First, someone’s idea of what is altruistic (or wise or rational) must be imposed on everyone. A recent example is Biden’s executive order forgiving hundreds of millions of dollars in federal student loans. Was his action altruistic? It appears so if our focus is fixed on only the students who benefit from the President’s order. It seems less so if we broaden our focus and our time horizon to include those who must pay for the loans and those who will be hurt in the future by the perverse incentives that his order will create. Universities, for example, will be emboldened to hike tuition and even more students will borrow money that they are unlikely to be able to repay.
In short, whatever policy is chosen in the name of morality, some will see it as immoral, and they will bitterly resent being forced to support it.
Second, a policy that the central authority deems altruistic must be implemented and paid for by people who may oppose it or the way it is implemented. They must be compelled—by force if necessary—to comply with the policy and they must be prevented from subverting it. If “subversion” is construed to include “fomenting social discord” by public criticism, then the central authority may limit free speech and freedom of the press. If pastors question the policy’s morality, the central authority might also limit religious freedoms.

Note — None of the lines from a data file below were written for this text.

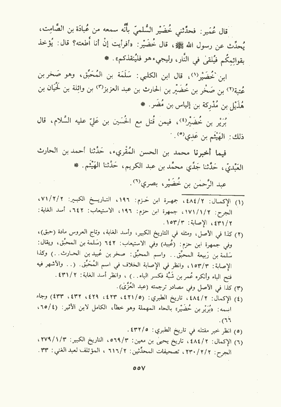 بُرَيْر بن خُضَيْر فيمن قتل مع الحُسَين بن علي عليه السَّلام قال ذلك: الهَيْثَم بن عَدِي.
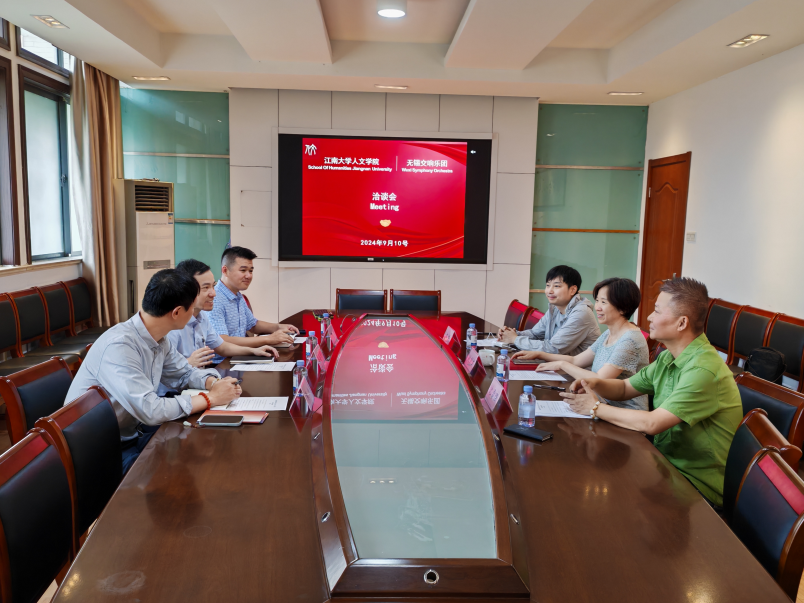 2024910上午,350vip8888新葡的京集团无锡交响乐团洽谈会在田家炳楼207顺利举行。350vip8888新葡的京集团党委书记姚剑英、音乐系主任沈雷强教授、无锡交响乐团总经理吴喜明董事长、团长尹锋等领导出席会议。
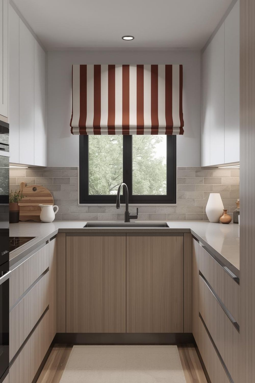Crisp tripe Valance for a Cheerful Modern Kitchen Window
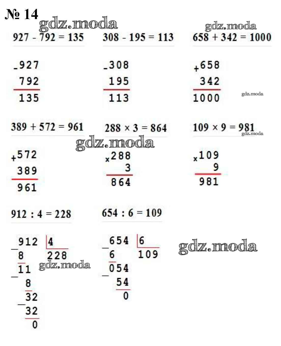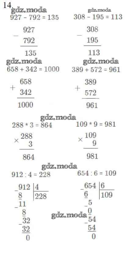 ОТВЕТ на задание № 14 Учебник по Математике 4 класс Моро Школа России

Third, the policy may produce unintended consequences that create more injustices. How will the central authority respond? Will it suppress knowledge of the consequences to prevent discord and, potentially, loss of its legitimacy or power? Will it respond with another layer of coercive policies and, if so, how will it enforce them and what will it do if more unintended consequences result?
Finally, as Smith observed, “Virtue is more to be feared than vice, because its excesses are not subject to the regulation of conscience.” Those attempting to impose virtue—or, at least, their idea of it—tend to deal viciously with dissidents who, because they oppose “virtue,” are, by definition, evil.
“Hell,” Michael Novak once said, “is what happens when you pursue heaven-on-earth.”
Force used to prevent or redress assaults on persons and property is legitimate; force used to coerce “benevolence” is not. Force is, ultimately, the only hammer in a government’s toolkit and it should be used only on what is achievable and, even then, only sparingly.
Governments can reasonably aspire to deliver Adam Smith's formula for prosperity: “Peace, easy taxes, and a tolerable administration of justice.” In attempting to provide what it cannot, government will destroy its ability to provide what it can.